Das Stimmengewirr verstummte und alle sahen mich an. Einige sprangen von ihren Sitzen auf, andere hatten bereits ihr Smartphone gezückt und in Erwartung des unweigerlich auf mich wartenden Abrisses die Taste für die Videoaufnahme eingeschaltet.

- Anka, was machst du da? - Ich war mitten in der Nacht, und ich war mitten in der Nacht", rief er mir zu, als wäre er seit meiner Kindheit mein Partner, Arthur, der fassungslos auf den zusammengerollten Körper zu seinen Füßen blickte. Er hatte schon lange auf mir herumgehackt, aber ich ignorierte die Bemühungen des jungen und gut aussehenden Blonden mit beneidenswerter Hartnäckigkeit.

- Veselov, was haben Sie getan?! - Die Kursleiterin Valentina Markovna sprang auf die Bühne und sah ihre Schüler mit besorgten Augen an.

- Ich... nichts. Ich wollte nur Unterstützung leisten, und sie hat geschrien und sich gekrümmt ... und hier", versuchte Arthur sich zu rechtfertigen und sah mich dann misstrauisch fragend an: - Vielleicht sind Sie schwanger?

- Hast du den Verstand verloren?! - rief ich, aber es klang ziemlich erbärmlich, denn ich hatte schon wieder einen Krampf. Es fühlte sich an, als würde jemand wütend versuchen, mir ein Stück Fleisch aus dem Magen zu reißen. - Nein, natürlich nicht... Wie kannst du... Gott, das tut weh!

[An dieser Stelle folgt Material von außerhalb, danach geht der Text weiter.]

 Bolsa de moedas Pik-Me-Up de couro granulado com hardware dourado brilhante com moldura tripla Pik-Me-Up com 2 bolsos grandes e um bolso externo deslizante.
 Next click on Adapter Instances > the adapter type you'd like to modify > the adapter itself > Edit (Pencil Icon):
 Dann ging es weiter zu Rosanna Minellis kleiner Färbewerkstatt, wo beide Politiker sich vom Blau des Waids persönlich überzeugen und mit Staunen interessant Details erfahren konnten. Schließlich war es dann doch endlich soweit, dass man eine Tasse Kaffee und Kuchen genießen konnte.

- Hat schon jemand daran gedacht, einen Krankenwagen zu rufen? - rief Valentina Markovna wütend, aber sie sah nur verwirrte Blicke und auf uns gerichtete Smartphone-Kameras. - Haben Sie Ihre Angst völlig verloren?! Nehmt eure Spielsachen mit, damit ich sie bei den Proben nicht sehe, und nutzt sie aus. Ihr Idioten", murmelte sie vor sich hin.

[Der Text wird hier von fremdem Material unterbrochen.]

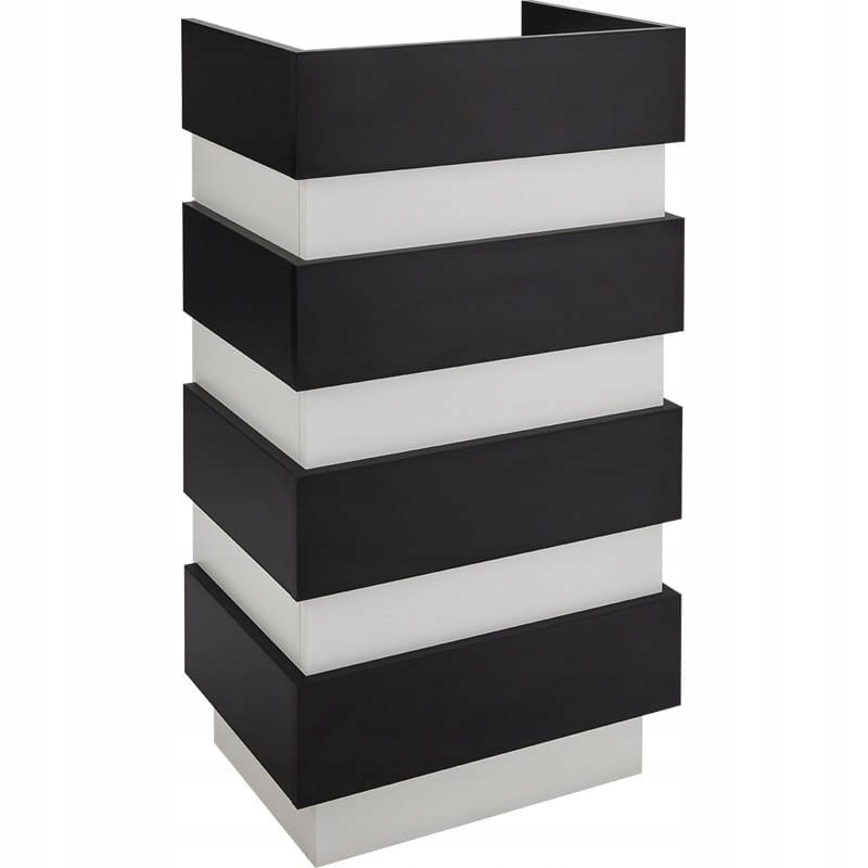 Представленная зона ресепшн небольшая. Идеально подходит для небольших гостиных. Выполнена из белой доски с черными полосками.

- By the way, es ist der zweite Tag nimmt sie Schmerzmittel - sagte im Vertrauen Klassenkamerad - Tanya Gubanova, eine helle Blondine mit smaragdgrünen Augen, im Falle meines Scheiterns wird die Hauptrolle zu bekommen. Sie sagte es so laut, dass es fast jeder hören konnte.

- Sinitsyna, sei geduldig, du bist eine zukünftige Ballerina", erinnerte Valentina Markovna sie majestätisch, als sie ein weiteres Stöhnen hörte. - Bringen Sie Sinitsyna zur Krankenstation, bevor der Krankenwagen eintrifft, aber seien Sie vorsichtig.